On GTZAN, XGBoost and Whisper Small emerged as the top-performing algorithms, each achieving an accuracy and F1 score of 0.92. However, on the FMA-small and FMA-medium datasets, Whisper Medium stood out, delivering an accuracy and F1 score of 0.63, outperforming all other models. Although these transformer-based methods resulted in the highest accuracy and F1 scores, this came at the expese of extreme computational cost, taking up to 3 days per epoch on a GPU to run Whisper Medium on FMA Medium. Additionally, it was clear that all the models were drastically overfitting on the training data (and the sheer number of models we tested managed to overfit the validation data as well).

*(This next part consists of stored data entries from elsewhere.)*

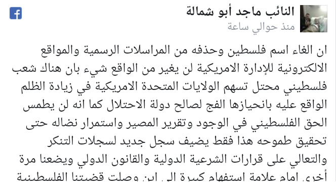 أبو شمالة: قرار الخارجية الأمريكية بحذف إسم فلسطين "لن يطمس الحق الفلسطيني"
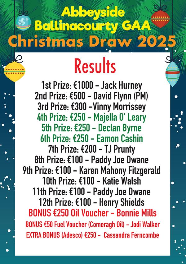 Abbeyside/Ballinacourty GAA Club would like to congratulate each winner in our Christmas Draw.
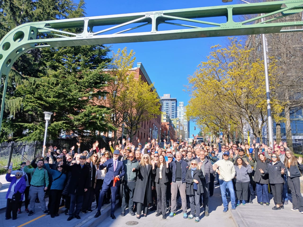 Seattle Mayor Katie Wilson also cut the ribbon on a two-block upgrade of Bell Street that had been open for a while, but was awaiting its final capstone: a reclaimed sign bridge from the former Alaskan Way Viaduct. While initial outreach on how to reimagine this short stretch at the foot of Bell Street found strong support for full pedestrianization, Seattle's Office of the Waterfront ultimately went ahead with adding a two-way bike lane connecting Elliott Way with the existing Bell Street Park, which is actually considered a greenway.
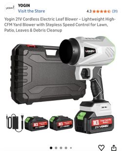 Yogin 21V Cordless Electric Leaf Blower - Lightweight High-CFM Yard Blower 2 Batteries Charger NEW$50Hendersonville, TN
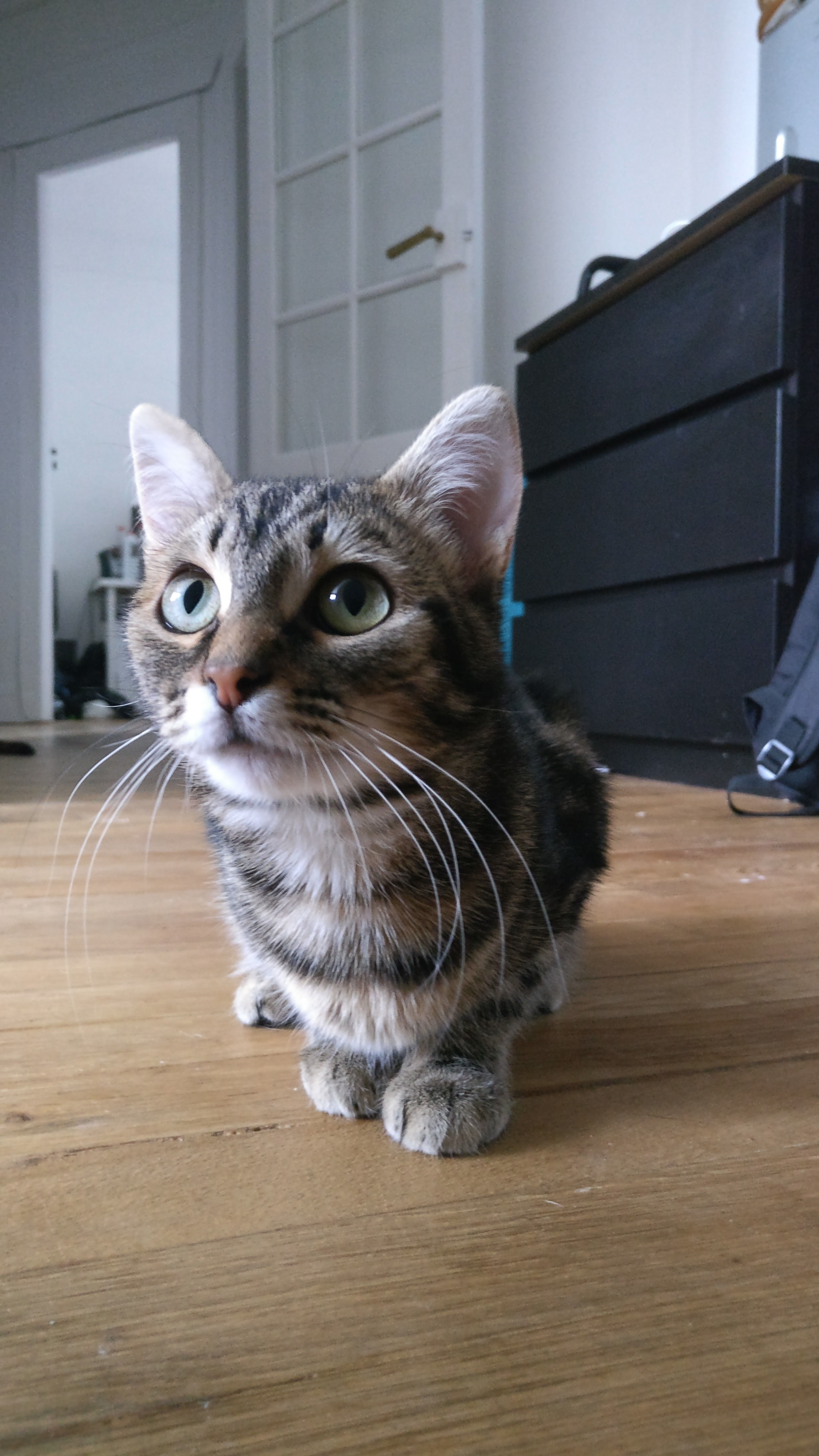 Caractère : Isia est une petite chatonne absolument adorable, un peu timide Mais dès qu’elle sera en confiance elle viendra très régulièrement vous réclamer beaucoup de caresses et de gratouilles en miaulant. Elle est d’ailleurs bavarde, mais toujours pour de bonnes raisons (une litière sale, une  gamelle vide…) Elle sait maintenant monter sur les genoux et comme elle y prend goût, il devient  dur de la faire bouger !Elle s’est aussi très vite habituée à sa famille d’accueil et à leur chatte Poppy, qui est devenue sa copine de jeux.
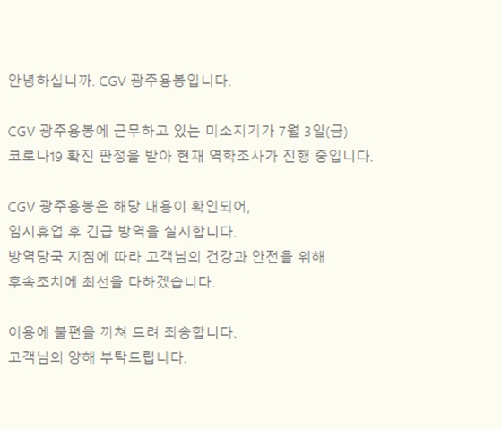 광주광역시 북구에 위치한 CGV 광주용봉점 미소지기가 신종 코로나 바이러스 감염증(코로나19) 확진 판정을 받았다. 이에 CGV 광주용봉점은 임시 휴업한다.
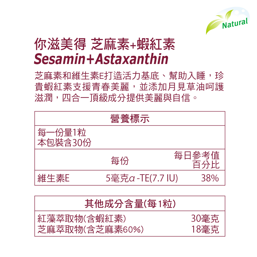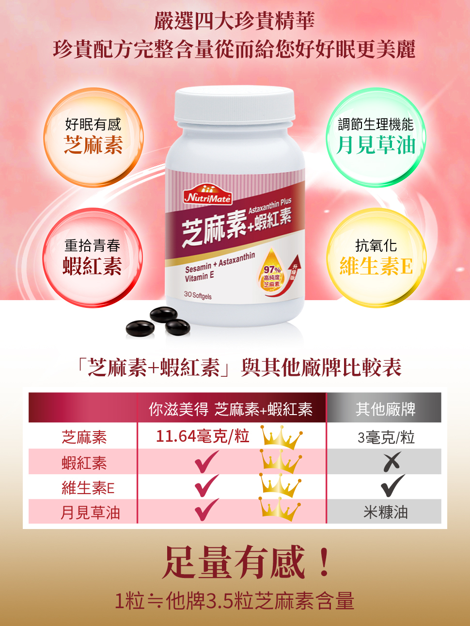 | 品牌: | 【Nutrimate你滋美得】芝麻素+蝦紅素 |
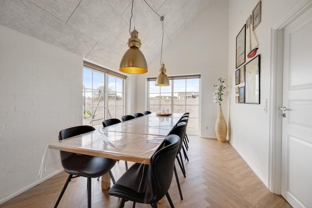 På Sand Holms Vej 9 i Søndervig, kun 350 meter fra stranden, ligger dette store og moderne aktivitetshus, som har plads til 10 personer, og som heller ikke sætter nogen begrænsningerne for, hvad I ønsker at foretage jer under jeres ferie. Det bedste af det hele er, at jeres to hunde også er meget velkomne her. Om det er en pool med modstrømsanlæg, en udendørsspa eller et billardbord, så er alt til rådighed. Brændeovnen i opholdsstuen sørger for en hyggelig atmosfære om aftenen.
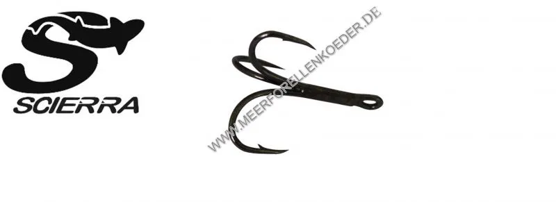Der kurzschenklige Drilling von Scierra wird aus bestem Japanischem Stahl hergestellt. Die scharfe leicht nach innen gebogene Spitze sorgt für einen sofortigen Hakeffekt.
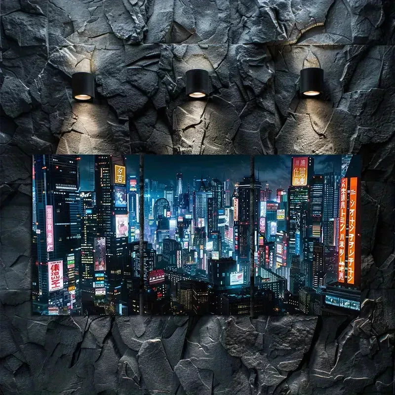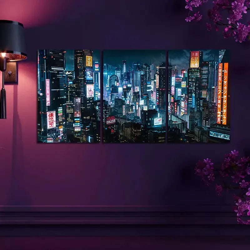 3pcs Cyberpunk City Skyline Canvas Framed 40x60cm - High Quality Print 100% Australian Made Wall Canvas Ready to Hang
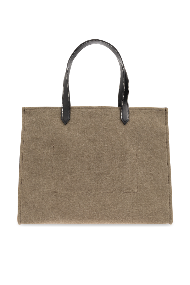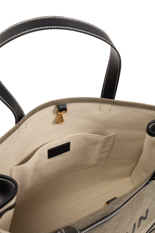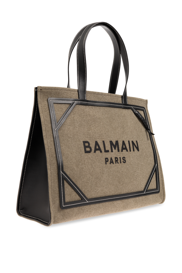 Green and black ‘B-Army 42’ bag from Balmain. Made of cotton canvas and trimmed with black calf leather, this design secures with a lobster clasp and showcases an embroidered back logo and a woven detail on the front. It is complete with a detachable and adjustable shoulder strap, contrasting white stitching, two half-round handles, gold-tone metal hardware and one internal compartment with one slip pocket and a removable pouch with a snap closure.
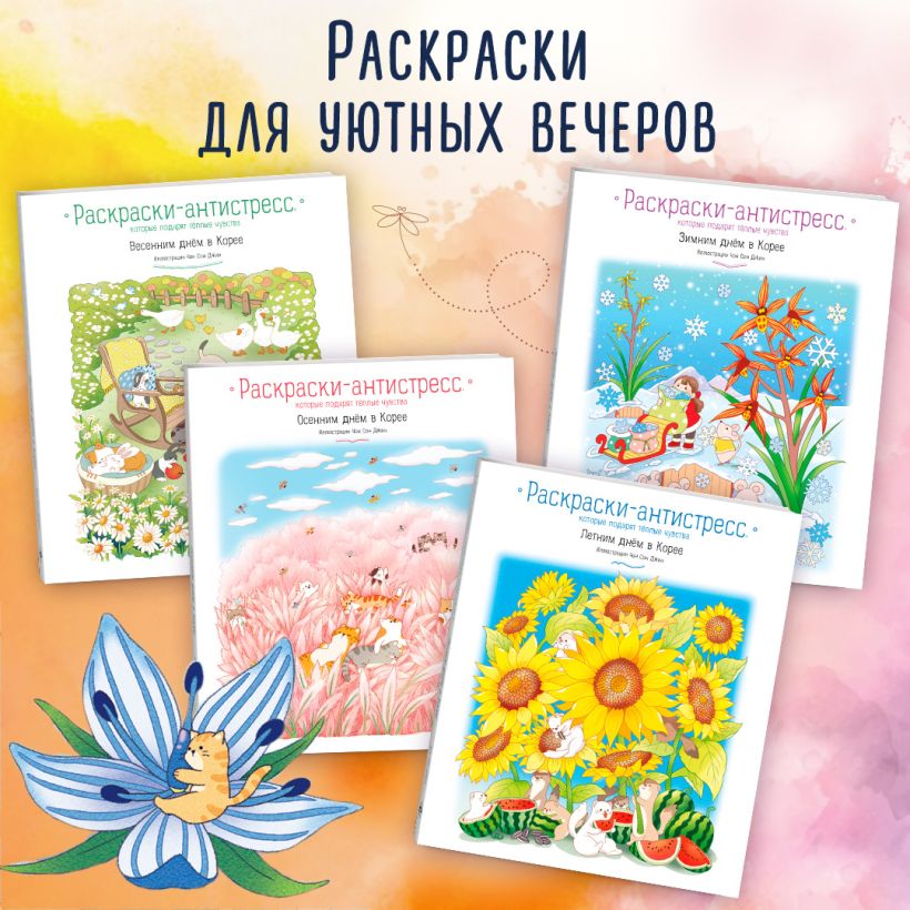 Хозяйка двух очаровательных котиков всегда мечтала погулять с ними по своим любимым местам живописного Сеула. Вот только в Корее выгуливать домашних кошек запрещено... Так появилась эта раскраска от популярнейшего корейского иллюстратора Пан Джису, художника обложек ваших любимых романов: «Добро пожаловать в "Книжный в Хюнамдоне"», «Магазин шаговой недоступности», «Книжная кухня» и многих других! 60 уютных иллюстраций, где котики Тони и Тор путешествуют по тихим корейским улочкам и самым волшебным местам Сеула, наслаждаются красотой всех времен года и приглашают каждого читателя присоединиться к их прогулке. Раскрасьте обложку любимой книги: специальные версии иллюстраций к «Добро пожаловать в "Книжный в Хюнамдоне"», «Магазин шаговой недоступности», «Книжная кухня», где котики посещают места из культовых хилинг-романов! Милейшая хилинг-раскраска для поклонников очаровательных корейских историй и любителей котиков. Нежные иллюстрации для каждого сезона с самыми уютными местечками волшебного Сеула.
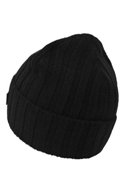 Черную однотонную шапку с широким отворотом выполнили английской резинкой. Такой аксессуар хорошо тянется и плотно облегает голову. Мастера марки связали модель из тонкой кашемировой пряжи, изготовленной из подшерстка монгольских коз. С каждого животного получают не более 300 грамм пуха, который тщательно сортируют, чтобы оставить только самые длинные и гладкие волокна.
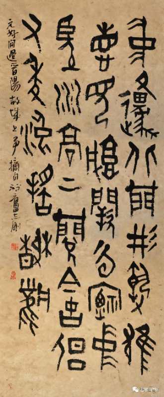 志剛先生因篆悟書,于書入篆,實際上就是兼顧了書寫的本質(zhì),找到了體現(xiàn)“漢字”本性的落點。對于一個書法家來講,除了解決書法的共性特征外,必須解決自己的個性特征才能名符其實,否則就很難有較高的成就。因為“篆”的綜合性和獨特表現(xiàn)性,正好可以給書寫者提供一種理解書法特質(zhì)的通道,那就是如何在更為有限的空間里呈現(xiàn)漢字審美的問題!在篆里,漢字固定的型,卻可以,而且必須根椐不同的語境有所改變才會呈現(xiàn)出藝術(shù)魅力。也就是先能“有”,然后再進(jìn)入“無”,從“有”入“無”就可以得自由,如果能夠解決這一問題,并將之綜合體現(xiàn)在書法創(chuàng)作中自然就會有在非同凡響的面貌。
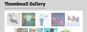 CSS становится более интересным, как мы переходим к галерее. Вы видите ID #thumbs, к которому в дальнейшем будут применены следующие стили. Давайте взглянем, как это выглядит:
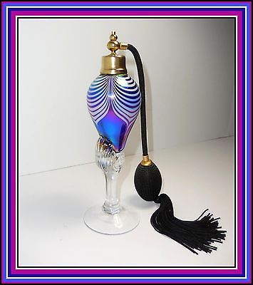 Antique Art Glass Pulled Feather Perfume Bottle w/Atomizer 1930s Blown Crystal!
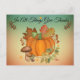 Personalize this Unique "One of a Kind" Thanksgiving Greeting Postcard! It Features a Beautiful Orange Pumpkin Surrounded by Fall Leaves in Shades of Light Orange, Dark Orange, Green with Orange Berries and Brown Mushrooms and the Inspirational Words..."In All Things Give Thanks"!
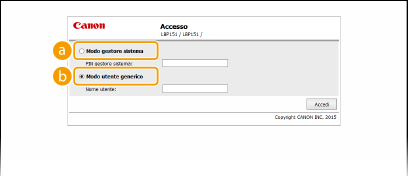 Selezionare [Modo gestore sistema] o [Modo utente generico].
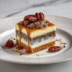 Because this dessert is best enjoyed chilled, skip reheating. Instead, allow frozen pieces to thaw naturally in the refrigerator to maintain their creamy layers and crisp pecan topping.
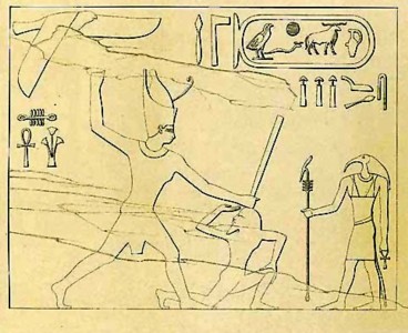 Cheops beim "Erschlagen der Feinde". Über der Darstellung auf dem Felsrelief steht der Geburtsname des Königs:
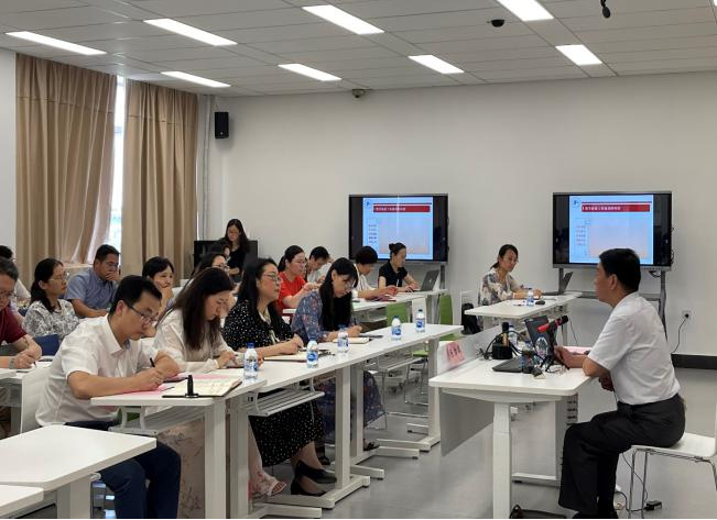教学质量是学校发展的生命线,为牢固树立“质量为王”的教育理念,紧抓课堂教学主阵地、课程育人核心要素,6月25日下午,学校邀请上海工程技术大学原副校长、现校督导组组长陈力华教授做题为《教学质量与课堂教学评价》的专题讲座。陈力华教授主要对教学质量工程建设的内容和课堂教学质量评价两个方面做了详细介绍,对教育部本科教学相关文件进行梳理,通过案例展示强调了教学大纲、教材、教案、多媒体课件等教学资料规范性的重要,并结合教学督导经历对老师们在课堂教学中如何实现价值引领,做好教学准备、教学内容、课堂秩序等进行指导,使老师们认识到要将质量意识贯穿于教学各个环节,形成教书育人的质量文化。教务处处长陈浩对本次一流课程系列培训做了最后总结,表示学校将大力推进一流课程建设,持续深化课堂教学改革,并对后续学校一流课程建设相关工作安排做了简要介绍。
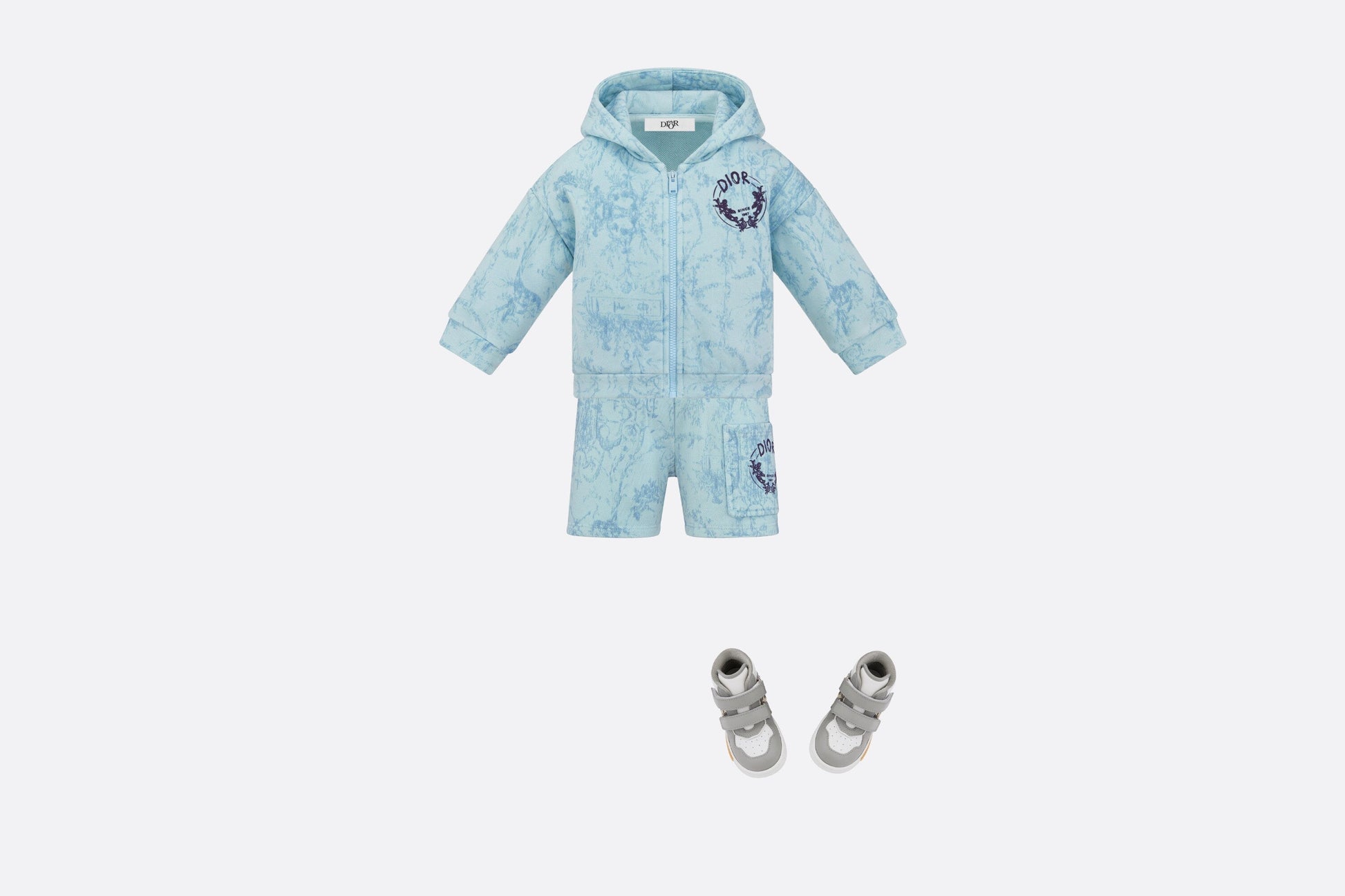 The shorts display the classic Toile de Jouy motif inspired by House archives. Crafted in light blue cotton fleece with the hallmark tonal print in a faded effect, they are completed by a side patch pocket and a stretch waist for an ideal fit. Embellished with a blue Dior 1967 print on the front, the shorts can be worn with the matching sweatshirt from the collection to complete an iconic look.

We further tested our algorithms in a practical scenario by addressing a contemporary debate: whether Beyoncé’s new album Cowboy Carter is actually a country album. Our answer is no - according to an ensemble of three models, only two tracks, “AMEN” and “SMOKE HOUR II” were classified as country. The majority of other songs were classified as pop and hip-hop.
Our project encountered significant challenges, primarily concerning dataset quality. Genre classification was particularly difficult due to the multi-genre nature of many songs, and the fact that many songs in the datasets (FMA, specifically) appeared to be mis-lableled. We recommend prioritizing the acquisition or curation of higher-quality multi-genre datasets to enhance model performance. Future iterations will explore data augmentation techniques for both image and audio inputs, as well as the development of ensemble models to leverage the strengths of individual models.
The repository is very simple:
- All the notebooks we used for visualizing and analyzing the data are in the EDA folder
- All the notebooks we used for training and evaluating models are in the models folder
- Finally, we created a HuggingFace Space where users can upload their audio tracks to classify genres. A copy of the app can be found in the space folder.
A few notebooks of note:
- Audiobots_Spectrogram_Creation.ipynb - This is a Jupyter Notebook demonstrating how to load the GTZAN data set. It then creates both mel-spectrograms and log-spectrograms of size 224*224 to be input to Convolutional Neural Networks like InceptionV3 or ResNet-34.
- Audiobots_Beyonce.ipynb - Extracts features for an album stored locally (like Cowboy Carter). Predicts the genre of each song from the middle 30s of each track using three models pretrained on GTZAN: Whisper Small, DistilHuBERT, and Fleur. Finally, it ouputs csv files containing the logits and probabilities of each genre for further analysis.